Mr. Fisher did not seek the permission of Augustana College nor the City of Sioux Falls prior to pursuing the 3D reconstruction technology or before offering [the 3-D model] to others. … In October 2014, we reached out to Mr. Fisher to express our concern over his actions in light of the fact that he did not seek permission from the College, the City of Sioux Falls or the families of the artist and/or the Fawicks [the family who donated the statue]. At this point, Mr. Fisher made the decision to un-publish the 3D image file.

Let’s be clear again: Mr. Fisher (the person who did the scanning of this public domain sculpture displayed in an outdoor, public area of the college) was and is under no obligation to seek permission from Augustana College, the City of Sioux Falls, the Fawicks, or anyone else before making the scans. The original sculpture is 500 years old. The replica that Augustana owns is not protected by any additional copyright.

Mr. Fisher did not ask for permission before scanning the sculpture for the same reason I did not ask for permission before writing this blog post: the permission of Augustana College, the City of Sioux Falls, and the Fawicks is irrelevant to the endeavor. If I asked and they said yes, I would write this blog post. If I asked and they said no, I would write this blog post. Their opinion about it does not matter.

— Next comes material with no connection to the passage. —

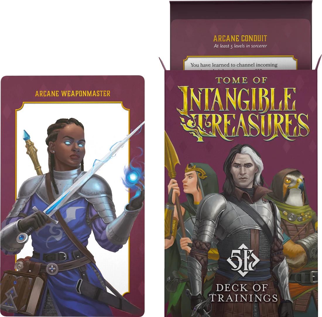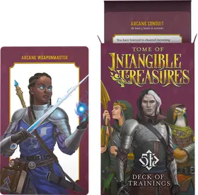 A deck of 60 tarot-sized reference cards for each of the advanced and epic trainings found within Tome of Intangible Treasures. These cards can be used independently of the book, though they work best alongside it as reference cards and handouts for players. The cards are gorgeously illustrated with portraits of characters and scenes representing each training.

Augustana College, the City of Sioux Falls, and the Fawicks have no ability to use a baseless threat of copyright infringement to control what people do and do not do with Michelangelo’s Moses – even their copy of Michelangelo’s Moses.

When confronted with their copyfraud, the correct thing for Augustana to do would have been to apologize and invite Mr. Fisher to repost his scans. Instead, Augustana decided to suggest that anyone scanning their copy of Michelangelo’s Moses first needs to get permission from Augustana, the City of Sioux Falls, and the Fawicks. That claim is wrong. It is also an embarrassment for Augustana College and, by extension Sioux Falls and the Fawicks.